The Avro 504K was used as an elementary trainer by Nos 5, 6, 7, and 8 (Training) Squadrons Australian Flying Corps (AFC) at Minchinhampton and Leighterton in England during World War I. After World War I, the 504K, 20 of which were ordered in 1918 and another 35 were received as part of the Imperial Gift, became an important part of the newly-formed RAAF's operational capability throughout the 1920s. The Imperial Gift was Britain's donation of aeroplanes and equipment to the Dominions in 1919 to establish air forces. The Central Flying School (CFS) at Point Cook operated the 504Ks.

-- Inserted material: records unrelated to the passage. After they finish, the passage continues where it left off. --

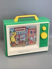 Vintage SCROLLING SESAME STREET TV TELEVISION MUSIC BOX Fisher Price WORKS!
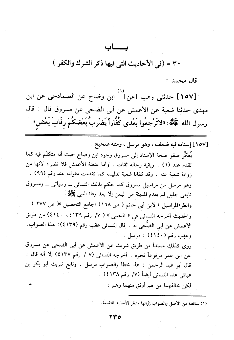 157 - حَدَّثَنِي وَهْبٌ عَنْ اِبْنِ وَضَّاحٍ، عَنْ الصُّمَادِحِيِّ، عَنْ اِبْنِ مَهْدِيٍّ حَدَّثَنَا شُعْبَةُ، عَنْ اَلْأَعْمَشِ، عَنْ أَبِي اَلضُّحَى، عَنْ مَسْرُوقٍ قَالَ: قَالَ رَسُولُ اَللَّهِ صَلَّى اَللَّهُ عَلَيْهِ وَسَلَّمَ: لَا تَرْجِعُوا بَعْدِي كُفَّارًا يَضْرِبُ بَعْضُكُمْ رِقَابَ بَعْضٍ
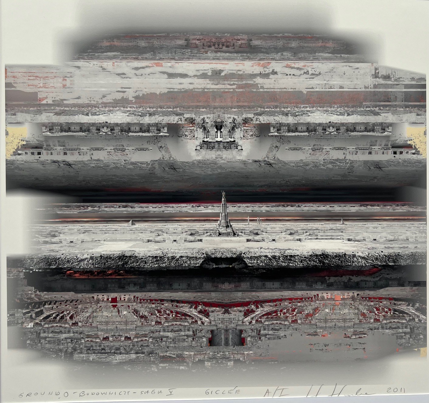 Hanna Haska vel Hanna Krulikowska, Ground 0, Budowniczy-Saga V, technika własna, druk cyfrowy, giclée, odbitka autorska A/I, 30x30 cm, 2011, Grafika jest wykonana techniką własną, druk cyfrowy, giclee, przy użyciu tuszu archiwalnego na płótnie. Praca sygnowana. Artystka tworzy cykle grafik ujętych w teki. Grafiki Hanny Haskiej są opowieścią o cywilizacji, bez podziału na kultury czy kręgi cywilizacyjne. Mówią o człowieku, jego naturze, możliwościach i ograniczeniach, o metafizyce i fizyce istnienia. Pełne są symboli już istniejących użytych w swoich dotychczasowych znaczeniach, ale też nadawanych od nowa przez artystkę. Naturalizm przedstawień jest złudny, bowiem świat wyobrażeń artystki jest bez wątpienia światem symboliczno-surrealnym zawieszonym między przeszłością a przyszłością. Poza przesłaniem intelektualnym grafiki Hanny Haskiej posiadają szlachetność grafiki warsztatowej i powagę charakteryzująca stare ryciny. Artystka od wielu lat jest obecna na rynku sztuki, reprezentowana przez Galerię Kościelak. Prace z tej serii były prezentowane m.in. na Warszawskich Targach Sztuki w edycjach 2021-2023 i znalazły miejsce w wielu prywatnych kolekcjach. Stan bardzo dobry, bez oprawy. Galeria może zrealizować oprawę grafiki na zlecenie i koszt nabywcy.
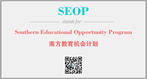 上述内容是“Southern Educational Opportunity Program”作为“SEOP”的缩写,解释为“南方教育机会计划”时的信息,以及英文缩略词SEOP所代表的英文单词,其对应的中文拼音、详细解释以及在英文中的流行度和相关分类、应用领域及应用示例等。
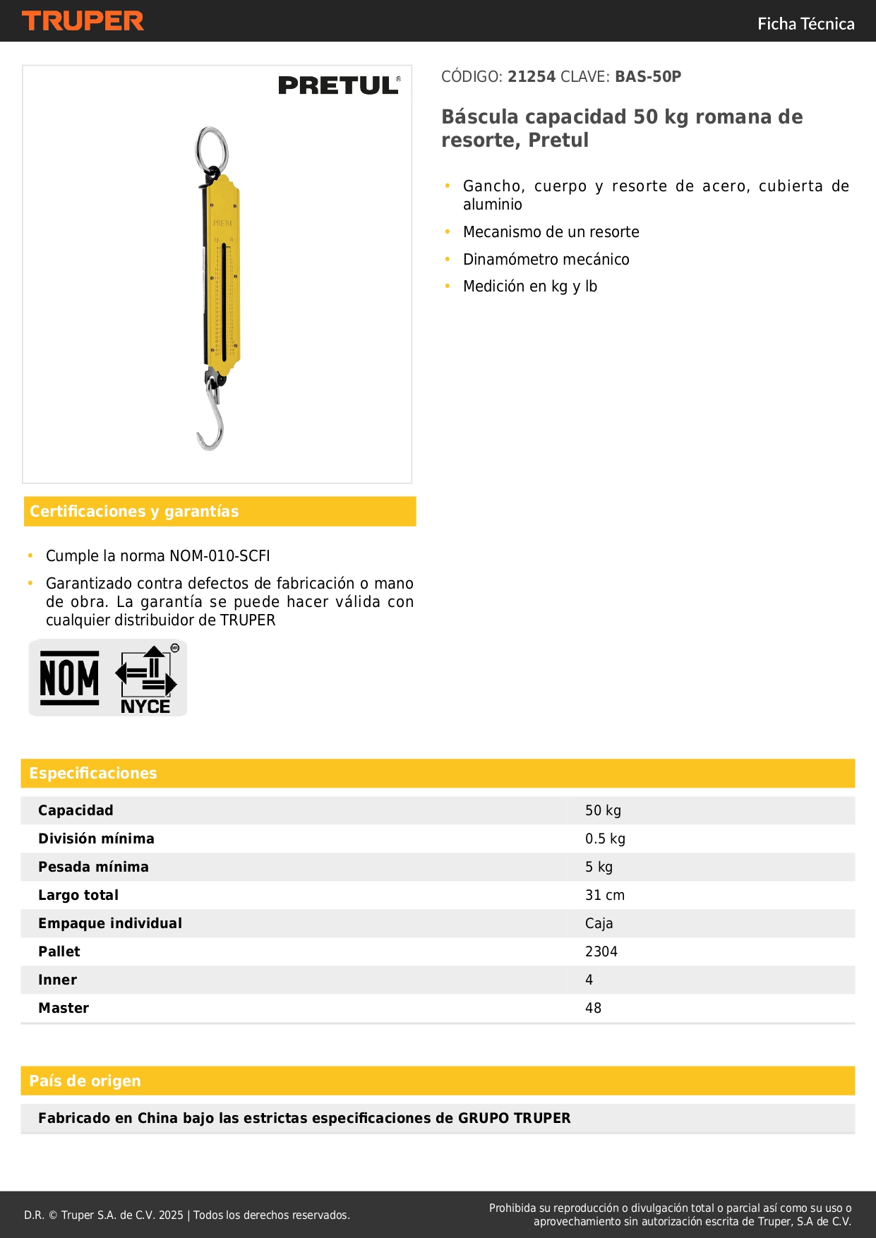 Balanza romana de resorte capacidad 50 kg pretul S/ 10.00 Agregar al carro Avísame cuando llegue -Gancho, cuerpo y resorte de acero, cubierta de aluminio-Mecanismo de un resorte-Dinamómetro mecánico-Medición en kg y lb
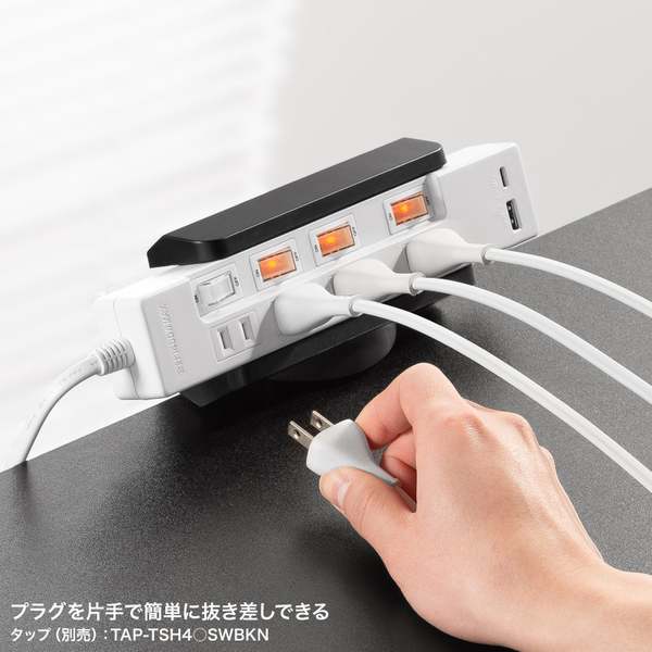 タップのしっかりとした固定はもちろん、プラグの抜き差しもスムーズに行えるため、作業効率の向上にも寄与する。さらに、背面にはコードをすっきりと配線できるクリップが搭載されているため、デスク上の見た目の美しさも保つことができるとのこと。

Additionally, 17 of these aircraft were used for the Second Peace Loan and flown to areas of Australia that previously had never seen an aircraft. The 504K was gradually retired from RAAF service from July 1928. All remaining examples were destroyed with the exception of A3-4, the sole survivor, which is with the Australian War Memorial. The Avro was the first training aircraft used by the RAAF that could be flown aerobatically. This feature allowed pilot training to become more comprehensive and extensive with aerobatics becoming an integral part of the curriculum. The addition of the 'Gosport' tube allowed for better instructional conditions, with the instructor being able to clearly communicate with the student.
The RAAF Museum's Avro 504K is a replica constructed from the original drawings by AJD Engineering of the United Kingdom using original fittings, instruments and engine. The aircraft is airworthy. Painted as E3747, it represents one of the twenty Avro 504Ks ordered by the Australian Flying Corps in 1918 for the Central Flying School. Arriving in Australia in April 1919, E3747 was sent to No 1 Military District in Queensland during August 1919 for the First Peace Loan, and crashed at Gympie on 17 September 1919. The aircraft was returned to the Aeroplane Repair Section at Point Cook in October of that year, and was struck off charge in April 1920.